As Canadian students graduate high school, their Filipino counterparts are about to start their classes June to March. Yet, the quality of education is in no doubt in question in the Philippines.

The number of years of formal schooling in the Philippines used to be one of the shortest in the world. In 2011, major reforms were introduced to lengthen formal educational ladder of 6+4+2 structure (i.e., six years of elementary education, four years of junior high school and two years of senior high school). A year of kindergarten has also been added, with children now beginning their studies at the age of 5 (versus 7 previously)
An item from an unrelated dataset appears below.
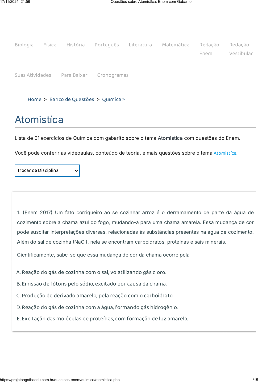 Biologia Física História Português Literatura Matemática Redação Enem Redação Vestibular Suas Atividades Para Baixar Cronogramas Home > Banco de Questões > Química > Atomistíca Lista de 01 exercícios de Química com gabarito sobre o tema Atomistíca com questões do Enem. Você pode conferir as videoaulas, conteúdo de teoria, e mais questões sobre o tema Atomistíca. Trocar de Disciplina 1. �Enem 2017� Um fato corriqueiro ao se cozinhar arroz é o derramamento de parte da água de cozimento sobre a chama azul do fogo, mudando-a para uma chama amarela. Essa mudança de cor pode suscitar interpretações diversas, relacionadas às substâncias presentes na água de cozimento. Além do sal de cozinha �NaCl�, nela se encontram carboidratos, proteínas e sais minerais. Cientificamente, sabe-se que essa mudança de cor da chama ocorre pela A. Reação do gás de cozinha com o sal, volatilizando gás cloro. B. Emissão de fótons pelo sódio, excitado por causa da chama. C. Produção de derivado amarelo, pela reação com o carboidrato. D. Reação do gás de cozinha com a água, formando gás hidrogênio. E. Excitação das moléculas de proteínas, com formação de luz amarela. 17/11/2024, 21:56 Questões sobre Atomistíca: Enem com Gabarito https://projetoagathaedu.com.br/questoes-enem/quimica/atomistica.php 1/15 https://projetoagathaedu.com.br/ https://projetoagathaedu.com.br/ https://projetoagathaedu.com.br/blog/biologia.php https://projetoagathaedu.com.br/blog/fisica.php https://projetoagathaedu.com.br/blog/historia.php https://projetoagathaedu.com.br/blog/linguagens.php https://projetoagathaedu.com.br/blog/literatura.php https://projetoagathaedu.com.br/blog/matematica.php https://projetoagatharedacao.com.br/guia-de-redacao-enem.php https://projetoagatharedacao.com.br/guia-de-redacao-enem.php https://projetoagatharedacao.com.br/guia-de-redacao-vestibular.php https://projetoagatharedacao.com.br/guia-de-redacao-vestibular.php https://projetoagathaedu.com.br/app/ https://projetoagathaedu.com.br/app/material.php https://projetoagathaedu.com.br/cronogramas-de-estudo.php https://projetoagathaedu.com.br/index.php https://projetoagathaedu.com.br/banco-de-questoes.php https://projetoagathaedu.com.br/banco-de-questoes/quimica.php https://projetoagathaedu.com.br/app/disciplinas/quimica/atomistica/introducao.php Mostrar o Gabarito Gabarito com Resolução Clique Para Compartilhar Esta Página Nas Redes Sociais Imprimir WhatsApp Facebook Twitter Pinterest Linkedin E-Mail Você acredita que o gabarito esteja incorreto? Avisa aí 😰| Email ou WhatsApp Conheça nossos grupos no WhatsApp Publicidade 😃 Química 1 Química 2 Química 3 Química 4 Química 5 Química 6 Química na Enem com Gabarito Exercícios: Estudo da Matéria 17/11/2024, 21:56 Questões sobre Atomistíca: Enem com Gabarito https://projetoagathaedu.com.br/questoes-enem/quimica/atomistica.php 2/15 https://projetoagathaedu.com.br/questoes-enem/resolucao-quimica/atomistica.php https://projetoagathaedu.com.br/questoes-enem/resolucao-quimica/atomistica.php https://projetoagathaedu.com.br/questoes-enem/resolucao-quimica/atomistica.php https://projetoagathaedu.com.br/questoes-enem/quimica/atomistica.php https://projetoagathaedu.com.br/questoes-enem/quimica/atomistica.php https://api.whatsapp.com/send?text=Quest%C3%B5es%20sobre%20Atomist%C3%ADca%3A%20Enem%20com%20Gabarito%20https%3A%2F%2Fprojetoagathaedu.com.br%2Fquestoes-enem%2Fquimica%2Fatomistica.php https://api.whatsapp.com/send?text=Quest%C3%B5es%20sobre%20Atomist%C3%ADca%3A%20Enem%20com%20Gabarito%20https%3A%2F%2Fprojetoagathaedu.com.br%2Fquestoes-enem%2Fquimica%2Fatomistica.php https://www.facebook.com/sharer/sharer.php?u=https%3A%2F%2Fprojetoagathaedu.com.br%2Fquestoes-enem%2Fquimica%2Fatomistica.php https://www.facebook.com/sharer/sharer.php?u=https%3A%2F%2Fprojetoagathaedu.com.br%2Fquestoes-enem%2Fquimica%2Fatomistica.php https://twitter.com/intent/tweet?url=https%3A%2F%2Fprojetoagathaedu.com.br%2Fquestoes-enem%2Fquimica%2Fatomistica.php&text=Quest%C3%B5es%20sobre%20Atomist%C3%ADca%3A%20Enem%20com%20Gabarito https://twitter.com/intent/tweet?url=https%3A%2F%2Fprojetoagathaedu.com.br%2Fquestoes-enem%2Fquimica%2Fatomistica.php&text=Quest%C3%B5es%20sobre%20Atomist%C3%ADca%3A%20Enem%20com%20Gabarito https://www.pinterest.com/pin/create/button/?url=https%3A%2F%2Fprojetoagathaedu.com.br%2Fquestoes-enem%2Fquimica%2Fatomistica.php&description=Quest%C3%B5es%20sobre%20Atomist%C3%ADca%3A%20Enem%20com%20Gabarito https://www.pinterest.com/pin/create/button/?url=https%3A%2F%2Fprojetoagathaedu.com.br%2Fquestoes-enem%2Fquimica%2Fatomistica.php&description=Quest%C3%B5es%20sobre%20Atomist%C3%ADca%3A%20Enem%20com%20Gabarito https://www.linkedin.com/shareArticle?mini=true&url=https%3A%2F%2Fprojetoagathaedu.com.br%2Fquestoes-enem%2Fquimica%2Fatomistica.php&title=Quest%C3%B5es%20sobre%20Atomist%C3%ADca%3A%20Enem%20com%20Gabarito&summary=Quest%C3%B5es%20sobre%20Atomist%C3%ADca%3A%20Enem%20com%20Gabarito https://www.linkedin.com/shareArticle?mini=true&url=https%3A%2F%2Fprojetoagathaedu.com.br%2Fquestoes-enem%2Fquimica%2Fatomistica.php&title=Quest%C3%B5es%20sobre%20Atomist%C3%ADca%3A%20Enem%20com%20Gabarito&summary=Quest%C3%B5es%20sobre%20Atomist%C3%ADca%3A%20Enem%20com%20Gabarito mailto:?subject=Quest%C3%B5es%20sobre%20Atomist%C3%ADca%3A%20Enem%20com%20Gabarito&body=Quest%C3%B5es%20sobre%20Atomist%C3%ADca%3A%20Enem%20com%20Gabarito%20https%3A%2F%2Fprojetoagathaedu.com.br%2Fquestoes-enem%2Fquimica%2Fatomistica.php mailto:?subject=Quest%C3%B5es%20sobre%20Atomist%C3%ADca%3A%20Enem%20com%20Gabarito&body=Quest%C3%B5es%20sobre%20Atomist%C3%ADca%3A%20Enem%20com%20Gabarito%20https%3A%2F%2Fprojetoagathaedu.com.br%2Fquestoes-enem%2Fquimica%2Fatomistica.php https://samuel.martins@projetoagathaedu.com.br/ https://api.whatsapp.com/send?phone=5533991664829 https://www.projetoagathaedu.com.br/grupo-no-whatsapp.php https://www.projetoagathaedu.com.br/grupo-no-whatsapp.php Curva do Aquecimento Densi

  1. Misconception about the +2 years (Kathang isip hinggil sa +2 taon) Adding two years to the basic education curriculum will vastly improve the performance and competency of Filipino students and make Philippine basic education at par with international standards. To follow the dictates of Association of Southeast Asian Nations (ASEAN) economic integration is to simply cram the country into free trade and more competition among countries. However imagined, there is no such world standard in the length of formal schooling.
  2. Ill-preparedness (Kawalang kahandaan) Only 48% of public high schools nationwide have submitted proposals to implement an extended senior high school (SHS). That’s about half of the 2 million high school students – the first full batch of Grade 11 students required to take SHS by June 2016. In order to accommodate, the government is streaming students to enroll in private schools and colleges instead. This means the K-12 program violates the Basic Education Act of 2013 which requires a review and evaluation of its capacity before the full implementation of the framework. Why change the whole system instead of testing in pilot sites first
  3. Resource gaps (Kakulangan sa pasilidad, at iba pang imprastraktura) The Department of Education earlier vowed to achieve zero shortage in classrooms, textbooks, water and sanitation facilities, teachers and seats. However, BS Aquino’s administration is playing catch-up in planning to build more than 40,000 classrooms. That is just for brand-new classrooms not including classrooms for repair and new technical-vocational workshops. Class sizes range even up to 54, where desks intended for two pupils would be shared by three instead. Hundreds of errors were seen in several textbooks. Education officials are still confronted by a shortage of equipment that in some cases, children are asked to bring their own chairs. These deficiencies stretch back to two years.
  4. Transition Mismanagement (Kamalian sa pamamalakad) Decongesting the current curriculum to allow “mastery of learning” is apparently learning everything too fast. And with the severe lack of facilities and trained teachers, shorter hours of instruction may be the practice and make things worse. For teachers, it is only through their own resourcefulness that make them survive.
  5. Privatization (Katuparan ng pribatisasyon) While the government drastically reduced social spending on education, it turns out “capitalist-educators” took over schools as money-making schemes. Seven of the 65 richest Filipino tycoons now own a handful of educational institutions. These schools enjoy maximum tolerance from the government by way of deregulation. They are also favored by government by way of subsidies and assuring them more profits.

     

     

     

    • 1 out of 5 Philippine schools is a private school

    • 1 out of 10 Filipino pupils is enrolled in private elementary schools

    • 1 out of 5 Filipino students is enrolled in private secondary schools.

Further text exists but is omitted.